5. LIMITATION OF LIABILITY. To the fullest extent permitted by law, Company
shall indemnify, defend and hold harmless City, its City Council, boards and commissions,
officers, agents, volunteers, employees and any person or entity owning or otherwise in
legal control of the property upon which Company performs the Project and/or Services
contemplated by this Agreement (collectively, the "Indemnified Parties") from and against
any and all claims (including, without limitation, claims for bodily injury, death or damage
to property), demands, obligations, damages, actions, causes of action, suits, losses,
judgments, fines, penalties, liabilities, costs and expenses (including, without limitation,
attorneys' fees, disbursements and court costs) of every kind and nature whatsoever
(individually, a Claim; collectively, "Claims"), which may arise from or in any manner relate
(directly or indirectly) to any breach of the terms and conditions of this Agreement, any
Work performed or Services provided under this Agreement including, without limitation,
defects in workmanship or materials or Company's presence or activities conducted on
the Project (including the negligent, reckless, and/or willful acts, errors and/or omissions
of Company, its principals, officers, agents, employees, vendors, suppliers, consultants,
subcontractors, anyone employed directly or indirectly by any of them or for whose acts
they may be liable, or any or all of them).

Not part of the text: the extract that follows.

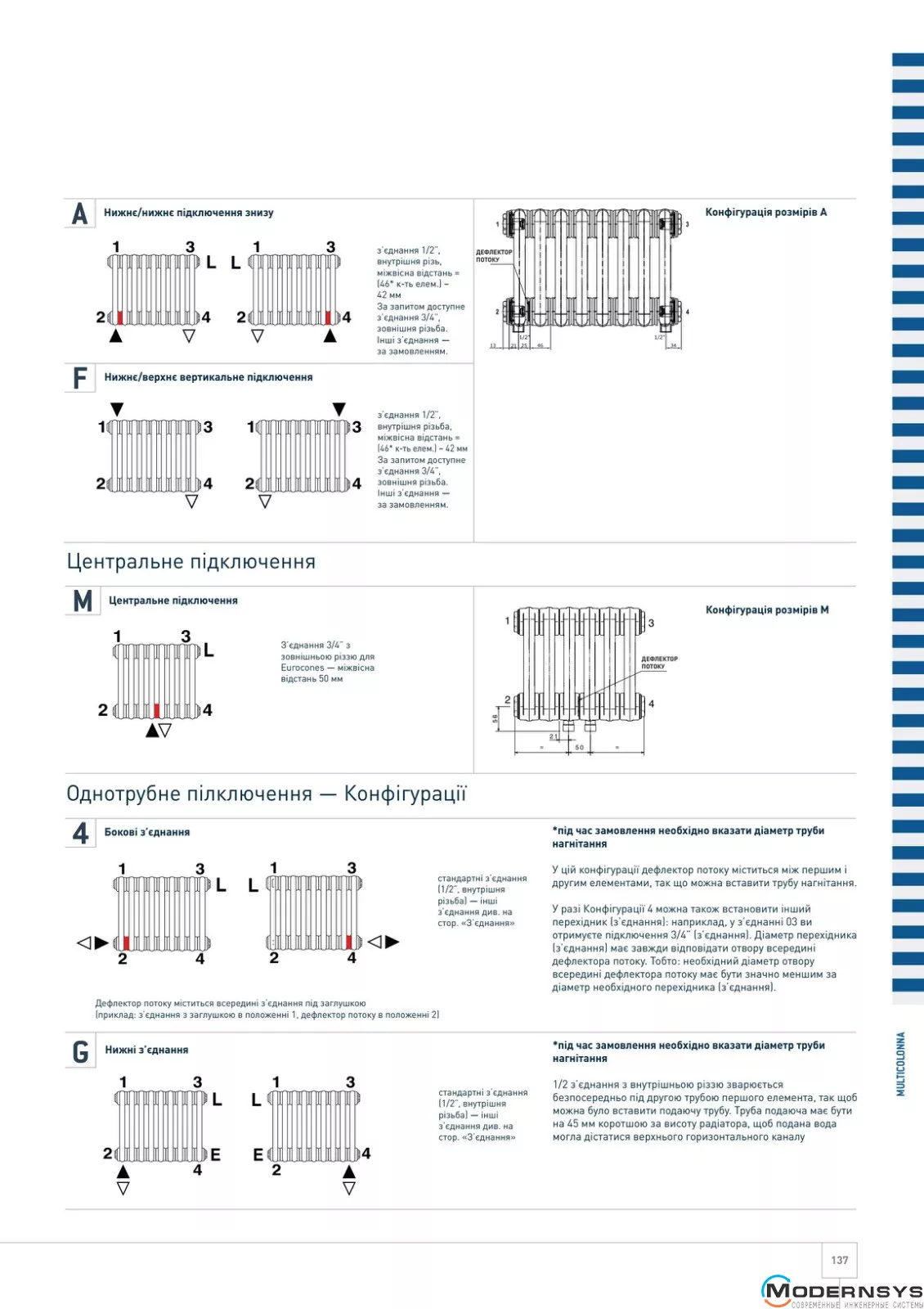 Опис: Трубчастий радіатор DeLonghi Multicolumn H=570 3-26 (секцій) конфігурація 0 збоку 1/2") RAL9016

Notwithstanding the foregoing, nothing herein shall be construed to require
Company to indemnify the Indemnified Parties from any Claim arising from the sole
negligence or willful misconduct of the Indemnified Parties. Nothing in this indemnity shall
be construed as authorizing any award of attorneys' fees in any action on or to enforce
the terms of this Agreement. This indemnity shall apply to all claims and liability
regardless of whether any insurance policies are applicable. The policy limits do not act
as a limitation upon the amount of indemnification to be provided by Company. In the
event of any dispute or legal action arising under this Agreement, the prevailing party
shall not be entitled to attorneys' fees.
6. ASSIGNMENT. The Client may not assign the License(s) granted under this
Agreement without the prior written consent of Company.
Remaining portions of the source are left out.